El Colegio de Michoacán El nuevo nido | Hojas de papel volando

Hace unos días volví a un lugar querido. Está en Zamora, Michoacán. Se trata de El Colegio de Michoacán. Una institución de enseñanza e investigación con orígenes de excelencia y cuyos pasillos de la vieja estancia recorrí hace ya unas vueltas de carreta. Y les platico algo de aquello que supe y viví.

Don Luis González y González, el gran historiador mexicano, fundó El Colegio de Michoacán en octubre de 1978, este año hace cuarenta, aunque comenzó sus andaduras académicas y de investigación en enero de 1979, como una rama naciente de El Colegio de México que por entonces presidía don Víctor L. Urquidi.

La idea de don Luis era la de instalar un Colegio en su tierra, para estudiar la historia de la región, su antropología, sus tradiciones, las aventuras y la vida de sus hombres y mujeres y cómo habían construido su día a día y su sociedad: su pasado y su presente.

Un Colegio, decía don Luis, que fuera la casa de los michoacanos, aunque extendía sus intereses de sapiencia hacia lo que don Álvaro Ochoa llama el JalMich, que son los confines de Jalisco y Michoacán y que es por donde está San José de Gracia, el pueblo en vilo.

Para 1978 don Luis ya tenía una obra suficiente, sólida y con piernas de jinete. Ya había publicado su obra emblemática: Pueblo en Vilo, la Historia universal de San José de Gracia que es el lugar en donde nació y al que dedicó ese lienzo que hoy es ejemplo de excelencia en historiografía y que dio origen en México a la “microhistoria”, la historia matria , que es la historia de lo pequeño, de lo casi insignificante, lo que nadie ve pero que existe: los pueblos aquellos perdidos en nuestra geografía y que tienen vida intensa como aspiraciones; tragedias y felicidades.

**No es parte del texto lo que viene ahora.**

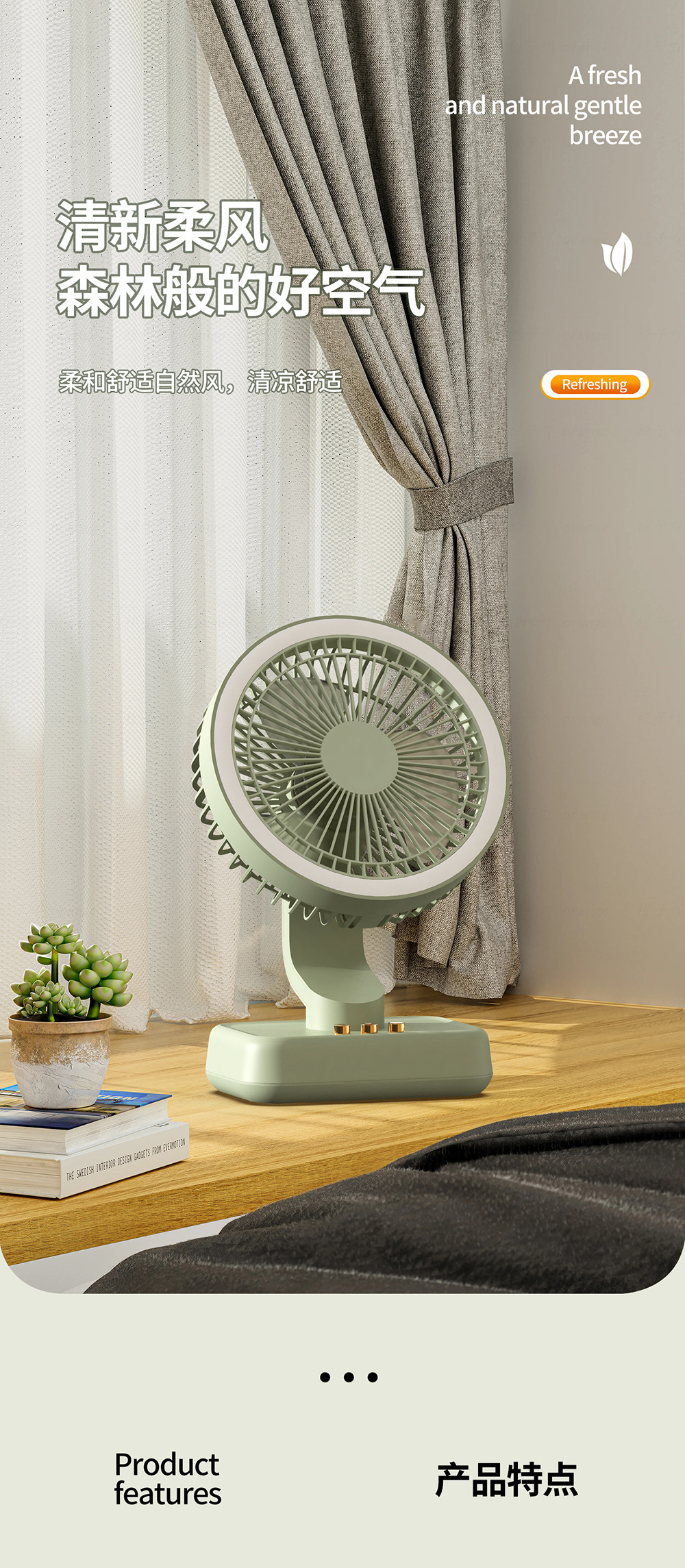 夏季新款便携台式小风扇家用大风力桌面风扇 夜灯迷你电风扇礼品

Al principio, El Colegio de Michoacán estuvo en dos viejas casonas de la calle de Madero, en Zamora. Eran dos estancias bonitas, iluminadas, con pasillos y corredores al estilo de las casas michoacanas de la zona.

Don Luis lo decía así: “Catorce deschaquetados constituimos la corporación académica del ColMich. Salvo uno, los demás somos prófugos de las grandes urbes. Especialmente del Distrito Federal. Todos, sin excepción hemos llegado haciendo adobes. En un año el cuerpo de investigadores de El Colegio de Michoacán, ha hecho media docena de libros ya en librerías y una docena de artículos…”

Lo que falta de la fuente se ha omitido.